Dr. Nouwen continues, “What we want is to bring about changes, to make a visible difference. To be a professional means to master the skills with which we can repair what is broken, put together what has fallen apart, reunite what is disjoined, restore what is decayed and heal what is ill. In short, to be a professional means to be someone who cures rather than cares. Doctors are considered good doctors when their patients who entered a hospital on a stretcher can leave on their own feet. Psychologists are called competent when their clients feel less confused after treatment that before. Social workers are seen as capable when their interventions make a difference in the life of the community. Also ministers are praised according to the successes of their programs and projects.”  He continues, “but slowly, imperceptibly, maybe, we have made our sense of “self” dependent not on who we are, but on what we do; not on our inner strength but on the results of our word, not our personal integrity but on the praise or blame of our milieus—we have become so oriented toward success that we have become what others make of us, we have sold our soul to the world.”

A friend of mine told me recently that he was leaving the ministry. He is very likeable, warm, friendly who has tried his best to serve God and the people in his charge. What prompted him to leave Christian service for the business world is just this emphasis on results. His congregation has not grown even though he worked very hard just to maintain it. He is isolated from other clergy and feels ignored by the church authorities.

His story is not unusual, in fact may even be rather typical. Thirty years ago pastors were the healthiest people in America, but no longer. They show all the diseases of stress that folks in business, medicine, education and the arts do.  Ministers are not immune from depression or addiction. When the institutional churches have been in decline and increasingly rapid decline but often unrecognized by those who compare and blame, then it should not surprise us that clergy morale is so low, clergy conduct often upsetting and congregations in turmoil. We have forgotten that it is God who works the miracle of growth. It is up to us to plant, tend and watch. We need to be clear that we care about people and their relationship to Christ, not institutional maintenance. Growth is God’s miracle, not our work.

We may not understand what the parables tell us—Jesus’ hearers had the same problem. The parables tell us to value people for who they are, not what they have done or what they possess. In fact the parables teach us to value what is insignificant, small, forgotten the more surprise when the tiniest mustard seed grows into the largest of trees.

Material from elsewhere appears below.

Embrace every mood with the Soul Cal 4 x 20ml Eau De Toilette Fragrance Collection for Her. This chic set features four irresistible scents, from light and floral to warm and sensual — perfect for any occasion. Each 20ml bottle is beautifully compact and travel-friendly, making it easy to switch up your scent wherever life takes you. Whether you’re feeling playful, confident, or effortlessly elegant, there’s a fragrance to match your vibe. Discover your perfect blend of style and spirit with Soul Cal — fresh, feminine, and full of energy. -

When the Emperor Valerian was persecuting the Church, he demanded that it hand over its treasures. St Lawrence, the Deacon, gave away the church wealth to the poor and brought the poor people of Rome, its old people, the lame and sick and widowed to the emperor. These, he said, were the treasures of the Church. It is our children, our teenagers, our twenty-somethings and thirty-somethings, our mid-life troubled, our aged, our infirm, our minorities, our powerless, the financially strapped, our handicapped, these are people important to God. They like we need to be told over and over again of God’s love—God loves them and accepts them and values them. It is in people like this who have come to know Jesus Christ, that the seed is planted, water and grows until the harvest. God gives the growth. All we can do is sow and water, sleep and rise night and day and wait for God. Amen.